● Source records
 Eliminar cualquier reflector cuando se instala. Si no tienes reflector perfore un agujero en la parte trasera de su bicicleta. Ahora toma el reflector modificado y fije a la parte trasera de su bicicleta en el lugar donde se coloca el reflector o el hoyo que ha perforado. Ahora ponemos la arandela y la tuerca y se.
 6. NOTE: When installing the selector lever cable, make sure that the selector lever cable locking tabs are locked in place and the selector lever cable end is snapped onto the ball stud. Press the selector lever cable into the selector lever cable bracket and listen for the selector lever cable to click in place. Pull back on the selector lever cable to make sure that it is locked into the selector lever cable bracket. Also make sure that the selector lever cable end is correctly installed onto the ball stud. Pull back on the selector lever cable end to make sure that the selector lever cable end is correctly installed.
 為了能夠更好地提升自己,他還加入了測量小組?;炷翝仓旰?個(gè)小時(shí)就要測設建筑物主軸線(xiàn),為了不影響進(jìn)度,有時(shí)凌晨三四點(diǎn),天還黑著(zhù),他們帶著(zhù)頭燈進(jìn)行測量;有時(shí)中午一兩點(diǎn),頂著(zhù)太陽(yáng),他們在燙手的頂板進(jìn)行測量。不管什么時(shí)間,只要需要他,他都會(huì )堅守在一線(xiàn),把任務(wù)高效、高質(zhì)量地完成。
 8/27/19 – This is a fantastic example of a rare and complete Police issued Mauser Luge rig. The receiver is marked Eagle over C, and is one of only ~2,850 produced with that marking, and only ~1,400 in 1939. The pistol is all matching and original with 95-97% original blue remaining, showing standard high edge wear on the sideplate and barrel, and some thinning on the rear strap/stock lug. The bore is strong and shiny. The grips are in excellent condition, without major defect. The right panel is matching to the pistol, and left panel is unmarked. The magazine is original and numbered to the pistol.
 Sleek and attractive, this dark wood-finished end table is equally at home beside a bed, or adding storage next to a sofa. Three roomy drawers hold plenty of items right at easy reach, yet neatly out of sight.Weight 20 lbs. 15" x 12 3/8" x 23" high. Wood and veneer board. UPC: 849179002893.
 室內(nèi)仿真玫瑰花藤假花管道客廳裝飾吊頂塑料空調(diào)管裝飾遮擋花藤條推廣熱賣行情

● The problem
Write the data out once more. Keep every word the same.

● The answer
 Eliminar cualquier reflector cuando se instala. Si no tienes reflector perfore un agujero en la parte trasera de su bicicleta. Ahora toma el reflector modificado y fije a la parte trasera de su bicicleta en el lugar donde se coloca el reflector o el hoyo que ha perforado. Ahora ponemos la arandela y la tuerca y se.
 6. NOTE: When installing the selector lever cable, make sure that the selector lever cable locking tabs are locked in place and the selector lever cable end is snapped onto the ball stud. Press the selector lever cable into the selector lever cable bracket and listen for the selector lever cable to click in place. Pull back on the selector lever cable to make sure that it is locked into the selector lever cable bracket. Also make sure that the selector lever cable end is correctly installed onto the ball stud. Pull back on the selector lever cable end to make sure that the selector lever cable end is correctly installed.
 為了能夠更好地提升自己,他還加入了測量小組?;炷翝仓旰?個(gè)小時(shí)就要測設建筑物主軸線(xiàn),為了不影響進(jìn)度,有時(shí)凌晨三四點(diǎn),天還黑著(zhù),他們帶著(zhù)頭燈進(jìn)行測量;有時(shí)中午一兩點(diǎn),頂著(zhù)太陽(yáng),他們在燙手的頂板進(jìn)行測量。不管什么時(shí)間,只要需要他,他都會(huì )堅守在一線(xiàn),把任務(wù)高效、高質(zhì)量地完成。
 8/27/19 – This is a fantastic example of a rare and complete Police issued Mauser Luge rig. The receiver is marked Eagle over C, and is one of only ~2,850 produced with that marking, and only ~1,400 in 1939. The pistol is all matching and original with 95-97% original blue remaining, showing standard high edge wear on the sideplate and barrel, and some thinning on the rear strap/stock lug. The bore is strong and shiny. The grips are in excellent condition, without major defect. The right panel is matching to the pistol, and left panel is unmarked. The magazine is original and numbered to the pistol.
 Sleek and attractive, this dark wood-finished end table is equally at home beside a bed, or adding storage next to a sofa. Three roomy drawers hold plenty of items right at easy reach, yet neatly out of sight.Weight 20 lbs. 15" x 12 3/8" x 23" high. Wood and veneer board. UPC: 849179002893.
 室內(nèi)仿真玫瑰花藤假花管道客廳裝飾吊頂塑料空調(diào)管裝飾遮擋花藤條推廣熱賣行情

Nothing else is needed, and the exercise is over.